■ Task instructions:
Down to the last line, repeat the entries exactly and drop any image.

Data excerpts:
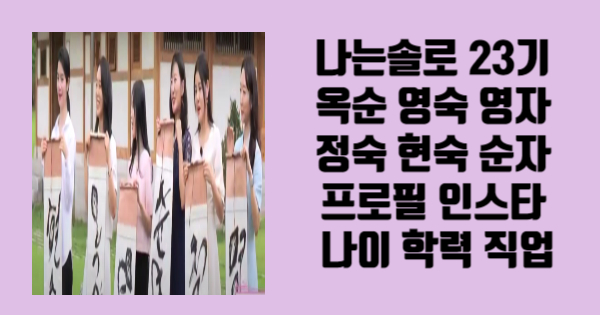 나는솔로 23기 옥순 영숙 영자 정숙 현숙 순자 프로필 인스타 나이 학력 직업에 대해 탐구해보겠습니다. 이 글을 전체적으로 읽으면 나는솔로 23기 옥순 영숙 영자 정숙 현숙 순자 프로필 인스타 나이 학력 직업을 알게 될 겁니다. 나는솔로 23기 옥순 영숙 영자 정숙 현숙 순자 프로필 인스타 나이 학력 직업의 정보가 필요하다면 끝까지 읽어주세요. 이제 아래에서 모두 공유해드리겠습니다.
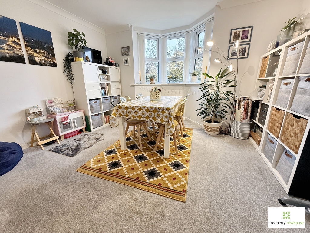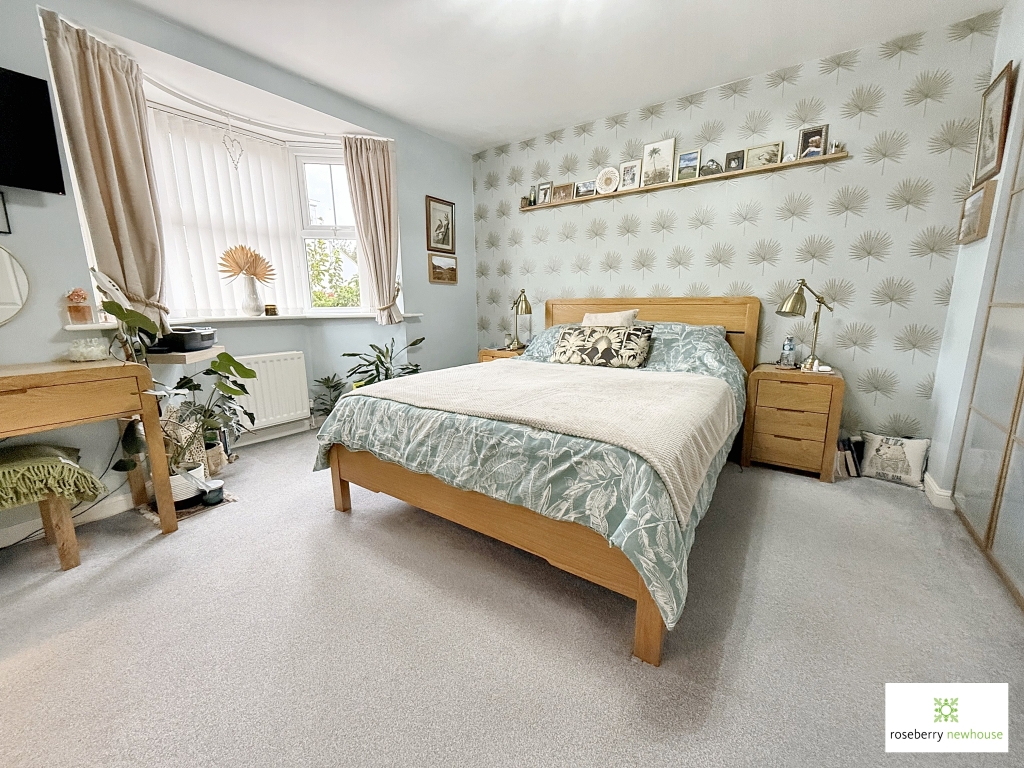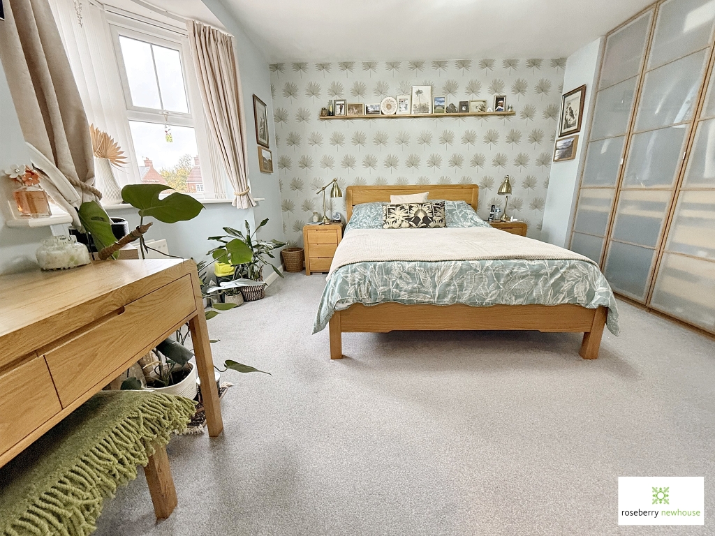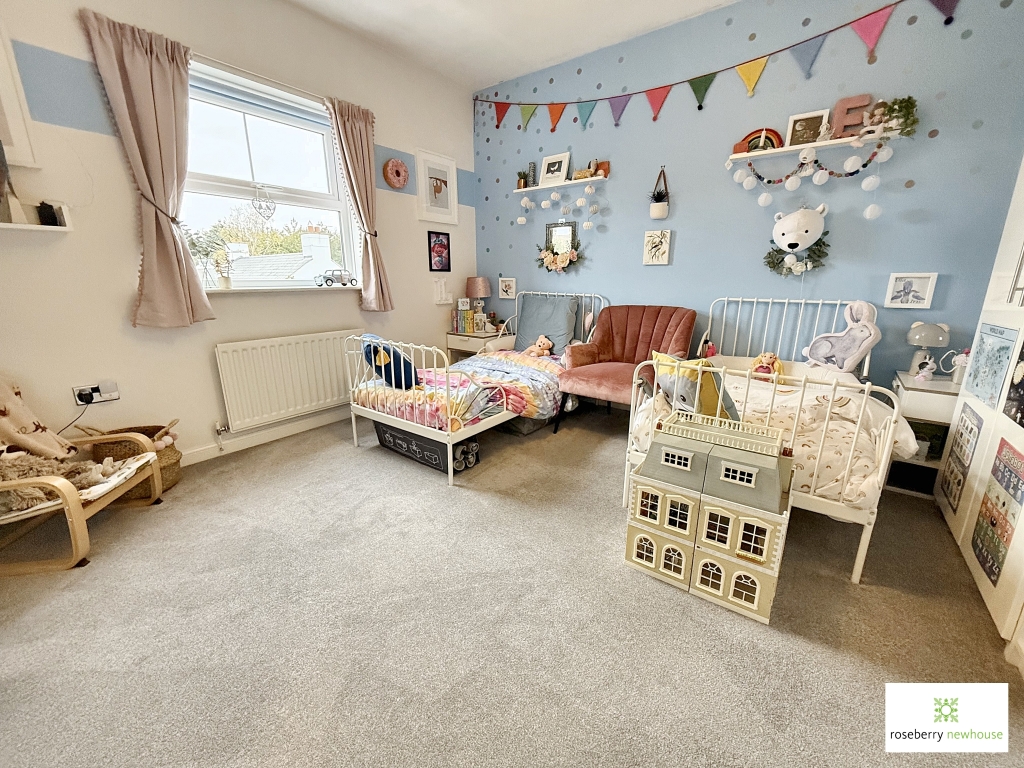 The first floor combines versatility with comfort, hosting a bay-fronted living room centred on an elegant fireplace—ideal as a second lounge, cinema space or large home office—together with a principal bedroom featuring fitted storage and a stylish en-suite bathroom. The top floor accommodates three further bedrooms arranged around a well-appointed Jack-and-Jill bathroom, creating an excellent layout for children, guests or flexible workspaces.
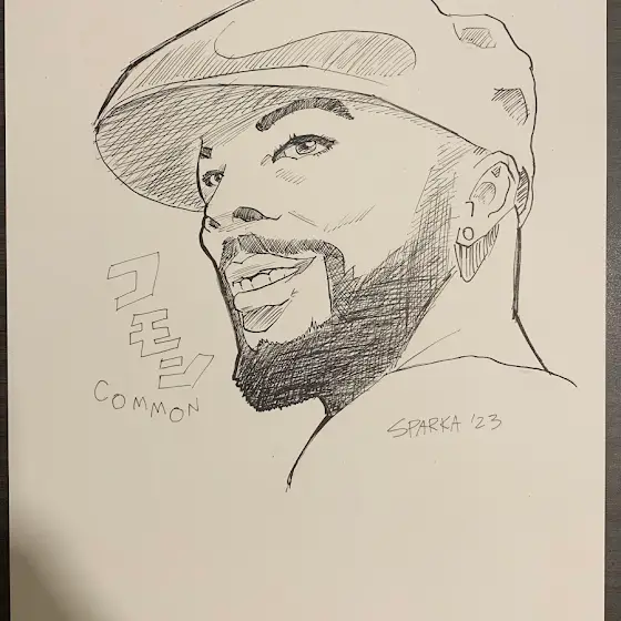 Manga style inking practice. Oki-san from Oki Dub Ainu Band, and Common (favorite rapper). Both huge influences on my music.
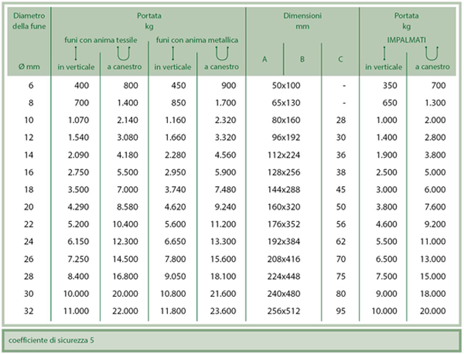 La lunghezza minima è: 50 volte il diametro della fune per il tipo AA/T – AA/M; 33 volte per il tipo RR/T – RR/M; 100 volte per il tipo impalmato.
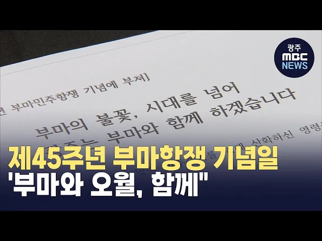 제 45주년 부마민주항쟁 기념일을 맞아광주시가 부산, 마산과 연대를 강화하고,민주화운동 역사를 헌법 전문에 수록하겠다고 다짐했습니다.광주시는 어제(16) 입장문을 내고민주주의를 위해 산화한 영령들의숭고한 뜻을 기리고 추모한다며부마 민주항쟁 정신은 5.18과 6.10으로 계승돼 이 땅의 민주주의를 지켜냈다고 평가...
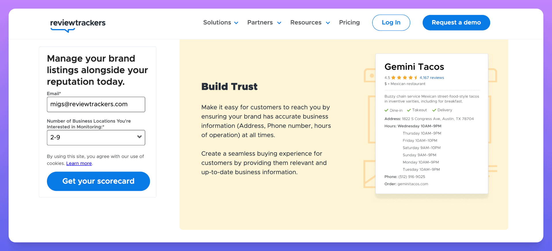 ReviewTrackers is known for its online reviews and reputation management software, which offers several local SEO software features to help businesses grow their brand presence and search performance.
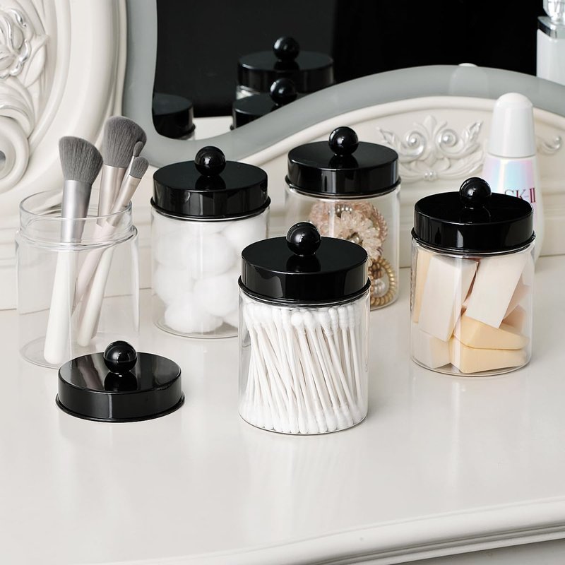 - ✅ IDEAL STORAGE CONTAINERS - The apothecary storage jars are an attractive way to organize items. Perfect organizer for Qtip, cotton ball, cotton swab pad, cotton rounds, floss picks, tampon, bath salts, hair tie band, makeup brush, beauty egg, face brush, crayons, candy, pens,holds hair ties, clips, elastic bands, bobby pins, bows and more. They look cute,useful,light, simple,safe and modern, keep things organized.

■ Task result:
 나는솔로 23기 옥순 영숙 영자 정숙 현숙 순자 프로필 인스타 나이 학력 직업에 대해 탐구해보겠습니다. 이 글을 전체적으로 읽으면 나는솔로 23기 옥순 영숙 영자 정숙 현숙 순자 프로필 인스타 나이 학력 직업을 알게 될 겁니다. 나는솔로 23기 옥순 영숙 영자 정숙 현숙 순자 프로필 인스타 나이 학력 직업의 정보가 필요하다면 끝까지 읽어주세요. 이제 아래에서 모두 공유해드리겠습니다.
 The first floor combines versatility with comfort, hosting a bay-fronted living room centred on an elegant fireplace—ideal as a second lounge, cinema space or large home office—together with a principal bedroom featuring fitted storage and a stylish en-suite bathroom. The top floor accommodates three further bedrooms arranged around a well-appointed Jack-and-Jill bathroom, creating an excellent layout for children, guests or flexible workspaces.
 Manga style inking practice. Oki-san from Oki Dub Ainu Band, and Common (favorite rapper). Both huge influences on my music.
 La lunghezza minima è: 50 volte il diametro della fune per il tipo AA/T – AA/M; 33 volte per il tipo RR/T – RR/M; 100 volte per il tipo impalmato.
 제 45주년 부마민주항쟁 기념일을 맞아광주시가 부산, 마산과 연대를 강화하고,민주화운동 역사를 헌법 전문에 수록하겠다고 다짐했습니다.광주시는 어제(16) 입장문을 내고민주주의를 위해 산화한 영령들의숭고한 뜻을 기리고 추모한다며부마 민주항쟁 정신은 5.18과 6.10으로 계승돼 이 땅의 민주주의를 지켜냈다고 평가...
 ReviewTrackers is known for its online reviews and reputation management software, which offers several local SEO software features to help businesses grow their brand presence and search performance.
 - ✅ IDEAL STORAGE CONTAINERS - The apothecary storage jars are an attractive way to organize items. Perfect organizer for Qtip, cotton ball, cotton swab pad, cotton rounds, floss picks, tampon, bath salts, hair tie band, makeup brush, beauty egg, face brush, crayons, candy, pens,holds hair ties, clips, elastic bands, bobby pins, bows and more. They look cute,useful,light, simple,safe and modern, keep things organized.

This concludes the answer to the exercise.